*Work task*: Search the material for "into" and show all lines that contain it.

-------------------------

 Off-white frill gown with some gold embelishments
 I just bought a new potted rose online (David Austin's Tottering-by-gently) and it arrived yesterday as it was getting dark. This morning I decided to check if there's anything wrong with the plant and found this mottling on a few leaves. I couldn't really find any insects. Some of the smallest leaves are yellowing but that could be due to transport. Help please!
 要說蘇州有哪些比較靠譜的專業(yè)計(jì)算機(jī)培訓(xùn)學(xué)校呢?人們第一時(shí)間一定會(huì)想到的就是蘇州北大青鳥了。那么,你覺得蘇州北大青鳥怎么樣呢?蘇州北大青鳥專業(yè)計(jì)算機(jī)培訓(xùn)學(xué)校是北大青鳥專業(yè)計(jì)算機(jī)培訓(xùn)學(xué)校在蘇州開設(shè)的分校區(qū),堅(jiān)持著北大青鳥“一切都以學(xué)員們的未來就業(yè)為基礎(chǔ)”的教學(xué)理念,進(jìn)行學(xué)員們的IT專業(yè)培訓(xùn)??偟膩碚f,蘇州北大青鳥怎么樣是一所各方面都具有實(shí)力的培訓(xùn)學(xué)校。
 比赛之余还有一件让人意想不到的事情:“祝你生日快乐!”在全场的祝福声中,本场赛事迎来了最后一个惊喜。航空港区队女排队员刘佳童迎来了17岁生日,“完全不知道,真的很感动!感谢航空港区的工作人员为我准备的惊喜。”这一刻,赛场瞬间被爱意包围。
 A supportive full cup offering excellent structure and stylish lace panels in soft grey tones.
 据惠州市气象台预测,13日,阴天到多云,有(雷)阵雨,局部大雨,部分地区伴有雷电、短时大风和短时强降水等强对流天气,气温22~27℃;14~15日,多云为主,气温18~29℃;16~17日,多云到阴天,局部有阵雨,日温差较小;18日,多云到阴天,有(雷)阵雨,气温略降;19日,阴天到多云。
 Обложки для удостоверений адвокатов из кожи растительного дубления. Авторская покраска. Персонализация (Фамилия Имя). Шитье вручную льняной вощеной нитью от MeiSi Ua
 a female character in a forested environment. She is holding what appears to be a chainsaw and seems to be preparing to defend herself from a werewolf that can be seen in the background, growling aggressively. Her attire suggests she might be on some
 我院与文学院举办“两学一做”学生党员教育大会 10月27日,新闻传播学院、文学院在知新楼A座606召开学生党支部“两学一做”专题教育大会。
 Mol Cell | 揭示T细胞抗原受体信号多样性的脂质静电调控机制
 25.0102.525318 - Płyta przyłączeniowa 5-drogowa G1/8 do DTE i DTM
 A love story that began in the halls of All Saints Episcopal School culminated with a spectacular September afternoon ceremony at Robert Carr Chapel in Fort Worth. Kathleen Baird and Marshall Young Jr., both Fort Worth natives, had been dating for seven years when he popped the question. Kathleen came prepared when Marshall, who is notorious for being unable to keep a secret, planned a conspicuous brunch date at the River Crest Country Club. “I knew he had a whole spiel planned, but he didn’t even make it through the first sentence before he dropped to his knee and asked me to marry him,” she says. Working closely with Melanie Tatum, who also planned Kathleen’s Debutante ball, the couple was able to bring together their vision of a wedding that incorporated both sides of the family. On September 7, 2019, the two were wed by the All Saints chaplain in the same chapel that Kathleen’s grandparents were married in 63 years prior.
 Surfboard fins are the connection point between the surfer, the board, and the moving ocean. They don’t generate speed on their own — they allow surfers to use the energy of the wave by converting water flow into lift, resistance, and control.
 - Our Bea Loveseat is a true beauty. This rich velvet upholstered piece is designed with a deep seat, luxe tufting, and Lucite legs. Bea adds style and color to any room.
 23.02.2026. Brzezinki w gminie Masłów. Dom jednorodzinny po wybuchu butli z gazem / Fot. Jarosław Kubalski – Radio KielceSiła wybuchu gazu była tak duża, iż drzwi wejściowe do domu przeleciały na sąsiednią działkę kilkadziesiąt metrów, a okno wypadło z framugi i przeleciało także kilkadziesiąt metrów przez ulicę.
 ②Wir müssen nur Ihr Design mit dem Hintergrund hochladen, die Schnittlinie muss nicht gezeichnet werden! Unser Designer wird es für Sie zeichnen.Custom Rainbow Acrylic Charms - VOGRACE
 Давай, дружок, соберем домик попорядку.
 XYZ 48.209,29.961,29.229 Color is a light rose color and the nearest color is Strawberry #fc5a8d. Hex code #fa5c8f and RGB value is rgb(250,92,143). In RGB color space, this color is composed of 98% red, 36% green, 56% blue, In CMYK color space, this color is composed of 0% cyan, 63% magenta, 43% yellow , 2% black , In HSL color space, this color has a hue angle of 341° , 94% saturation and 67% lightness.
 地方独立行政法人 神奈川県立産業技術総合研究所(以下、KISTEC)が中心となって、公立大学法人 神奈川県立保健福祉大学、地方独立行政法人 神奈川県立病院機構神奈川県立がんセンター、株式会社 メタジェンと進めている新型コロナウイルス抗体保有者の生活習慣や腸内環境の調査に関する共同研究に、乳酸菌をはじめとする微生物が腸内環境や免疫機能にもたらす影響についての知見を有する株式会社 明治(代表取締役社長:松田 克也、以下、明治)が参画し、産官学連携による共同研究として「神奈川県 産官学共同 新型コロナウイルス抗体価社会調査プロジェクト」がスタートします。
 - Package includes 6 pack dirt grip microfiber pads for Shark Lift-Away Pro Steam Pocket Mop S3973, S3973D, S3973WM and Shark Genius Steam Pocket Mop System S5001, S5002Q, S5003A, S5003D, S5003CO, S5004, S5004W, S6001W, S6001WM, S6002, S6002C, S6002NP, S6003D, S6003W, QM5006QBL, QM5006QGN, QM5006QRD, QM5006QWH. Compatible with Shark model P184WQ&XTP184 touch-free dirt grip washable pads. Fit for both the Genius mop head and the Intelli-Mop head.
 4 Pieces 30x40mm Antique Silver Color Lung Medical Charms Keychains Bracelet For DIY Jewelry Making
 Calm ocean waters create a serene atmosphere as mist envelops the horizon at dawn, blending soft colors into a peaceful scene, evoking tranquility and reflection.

-------------------------

*Answer to this problem*:
 Surfboard fins are the connection point between the surfer, the board, and the moving ocean. They don’t generate speed on their own — they allow surfers to use the energy of the wave by converting water flow into lift, resistance, and control.
 Calm ocean waters create a serene atmosphere as mist envelops the horizon at dawn, blending soft colors into a peaceful scene, evoking tranquility and reflection.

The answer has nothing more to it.